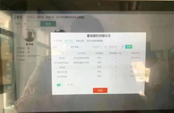 登记完成后,通过摄像头识别,董海建的基本信息就从电脑里“跳”了出来。与此同时,他购买的化肥、农药明细也“飞”进了市农业农村局的“数据大脑”。
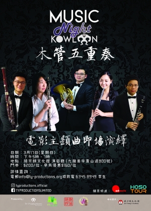 由謝家儀 Renneih (長笛 Flute)、羅曉桐 Abbie (雙簧管 Oboe)、呂家俊 Chris(單簧管 Clarinet)、鄭榮光(巴松管 Bassoon)及何雋文 Jermy (法國號 French Horn) 將施展渾身解數,為一家大細獻上一場包攬香港、國外電影主題曲的音樂會。各位想現場聽到《追》、《無間道》、《星語心願》、《獅子山下》等的經典電影、電視的經典樂章,記住買飛喇!
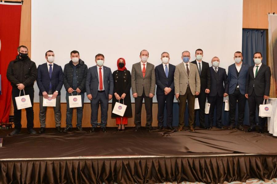 Rektörümüz Prof. Dr. Hamdullah ÇUVALCI; Doğu Karadeniz Belediyeler Birliği'nin (DKBB) 2020 Yılı 2. Olağan Meclis Toplantısı'na katıldı. Toplantı sonunda; DKBB üyesi belediyelerde görev yapan personellerden KTÜ Sosyal Bilimler Enstitüsü Tezsiz Yüksek Lisans Programlarını başarı ile bitirenlere Meclis Başkan Vekili Gümüşhane Belediye Başkanı Ercan ÇİMEN ve Rektörümüz Prof. Dr. Hamdullah ÇUVALCI tarafından mezuniyet ödülleri takdim edildi.
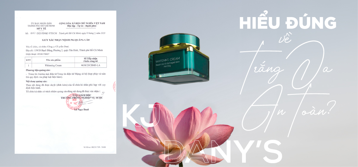 KJDANY’S tự hào sản phẩm Whitening Cream được cấp “Giấy Xác nhận nội dung quảng cáo” bởi Sở Y tế TP. Hồ Chí Minh về các tác dụng làm trắng da vượt trội ngoài ra còn giúp mờ nám, dưỡng ẩm, giảm mụn, mềm mịn và phù hợp với mọi loại da.
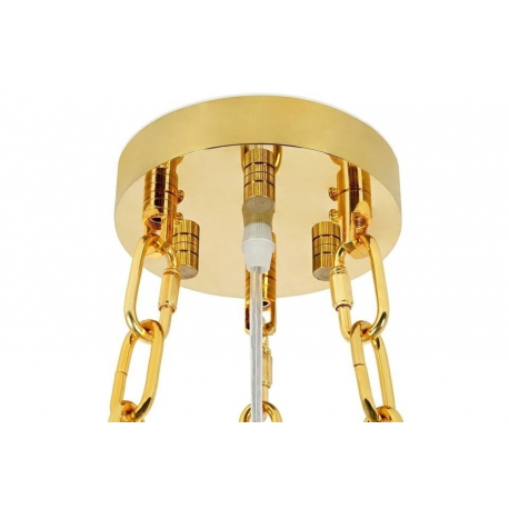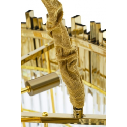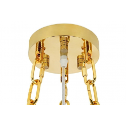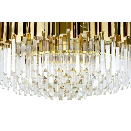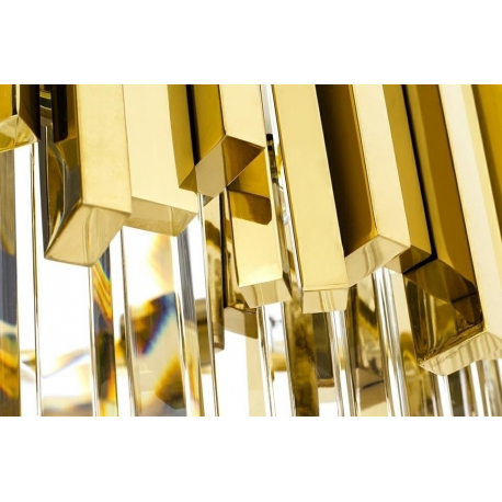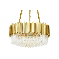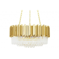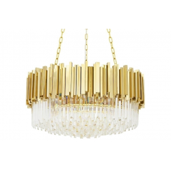 Lampa wisząca Imperial Gold 80.Elegancka osłona klosza wykonana została ze stali szczotkowanej w złotym kolorze.Osłona została zrobiona z zamkniętych profili co dodatkowo podkreśla staranność wykonania.Wewnątrz zawieszone są kryształki, które skrywają źródło światła.Całość zamocowana jest na złotej podsufitce.Okrągły kształt lampy, połączenie złota i szklanych kryształków zapewniają optymalne oświetlenie pomieszczenia.Imperial doskonale sprawdzi się we wnętrzach w stylu glamour.Światło: 16 x E14 max 40 W (brak w zestawie)Oprawa: wys. 40 cm / szer. 80 cm / gł. 80 cmMontaż: instalacja sufitowaWaga netto: 29 kgWymiary opakowania: 1) 82 cm / 82 cm / 30 cm2) 35 cm / 35 cm / 17 cmSposób wysyłki: paleta.
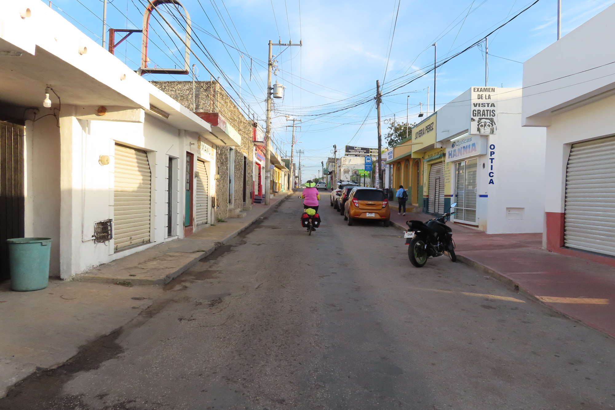 After leaving our bikes (unlocked, because there is no theft danger here) in the guide office, we set off into the town to buy some bananas, and also some more pain meds for me. After what happened in Germany, I am highly resistant to changing our plans just for some kind of medical reasons. So I am hanging in there until we circle back around to Coba, and the dentist can have a look. However, if we think there is some serious infection, we will soon be in easy reach of Merida.
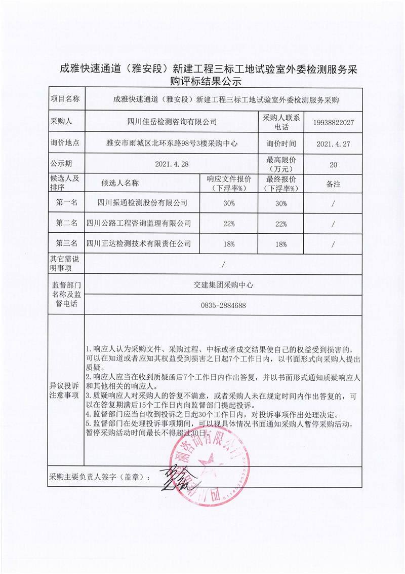 四川佳岳檢測(cè)咨詢有限公司成雅快速通道(雅安段)新建工程三標(biāo)工地試驗(yàn)室外委檢測(cè)服務(wù)采購(gòu)評(píng)標(biāo)結(jié)果公示
════════
Word for word, repeat the material above and drop the pictures.

 登记完成后,通过摄像头识别,董海建的基本信息就从电脑里“跳”了出来。与此同时,他购买的化肥、农药明细也“飞”进了市农业农村局的“数据大脑”。
 由謝家儀 Renneih (長笛 Flute)、羅曉桐 Abbie (雙簧管 Oboe)、呂家俊 Chris(單簧管 Clarinet)、鄭榮光(巴松管 Bassoon)及何雋文 Jermy (法國號 French Horn) 將施展渾身解數,為一家大細獻上一場包攬香港、國外電影主題曲的音樂會。各位想現場聽到《追》、《無間道》、《星語心願》、《獅子山下》等的經典電影、電視的經典樂章,記住買飛喇!
 Rektörümüz Prof. Dr. Hamdullah ÇUVALCI; Doğu Karadeniz Belediyeler Birliği'nin (DKBB) 2020 Yılı 2. Olağan Meclis Toplantısı'na katıldı. Toplantı sonunda; DKBB üyesi belediyelerde görev yapan personellerden KTÜ Sosyal Bilimler Enstitüsü Tezsiz Yüksek Lisans Programlarını başarı ile bitirenlere Meclis Başkan Vekili Gümüşhane Belediye Başkanı Ercan ÇİMEN ve Rektörümüz Prof. Dr. Hamdullah ÇUVALCI tarafından mezuniyet ödülleri takdim edildi.
 KJDANY’S tự hào sản phẩm Whitening Cream được cấp “Giấy Xác nhận nội dung quảng cáo” bởi Sở Y tế TP. Hồ Chí Minh về các tác dụng làm trắng da vượt trội ngoài ra còn giúp mờ nám, dưỡng ẩm, giảm mụn, mềm mịn và phù hợp với mọi loại da.
 Lampa wisząca Imperial Gold 80.Elegancka osłona klosza wykonana została ze stali szczotkowanej w złotym kolorze.Osłona została zrobiona z zamkniętych profili co dodatkowo podkreśla staranność wykonania.Wewnątrz zawieszone są kryształki, które skrywają źródło światła.Całość zamocowana jest na złotej podsufitce.Okrągły kształt lampy, połączenie złota i szklanych kryształków zapewniają optymalne oświetlenie pomieszczenia.Imperial doskonale sprawdzi się we wnętrzach w stylu glamour.Światło: 16 x E14 max 40 W (brak w zestawie)Oprawa: wys. 40 cm / szer. 80 cm / gł. 80 cmMontaż: instalacja sufitowaWaga netto: 29 kgWymiary opakowania: 1) 82 cm / 82 cm / 30 cm2) 35 cm / 35 cm / 17 cmSposób wysyłki: paleta.
 After leaving our bikes (unlocked, because there is no theft danger here) in the guide office, we set off into the town to buy some bananas, and also some more pain meds for me. After what happened in Germany, I am highly resistant to changing our plans just for some kind of medical reasons. So I am hanging in there until we circle back around to Coba, and the dentist can have a look. However, if we think there is some serious infection, we will soon be in easy reach of Merida.
 四川佳岳檢測(cè)咨詢有限公司成雅快速通道(雅安段)新建工程三標(biāo)工地試驗(yàn)室外委檢測(cè)服務(wù)采購(gòu)評(píng)標(biāo)結(jié)果公示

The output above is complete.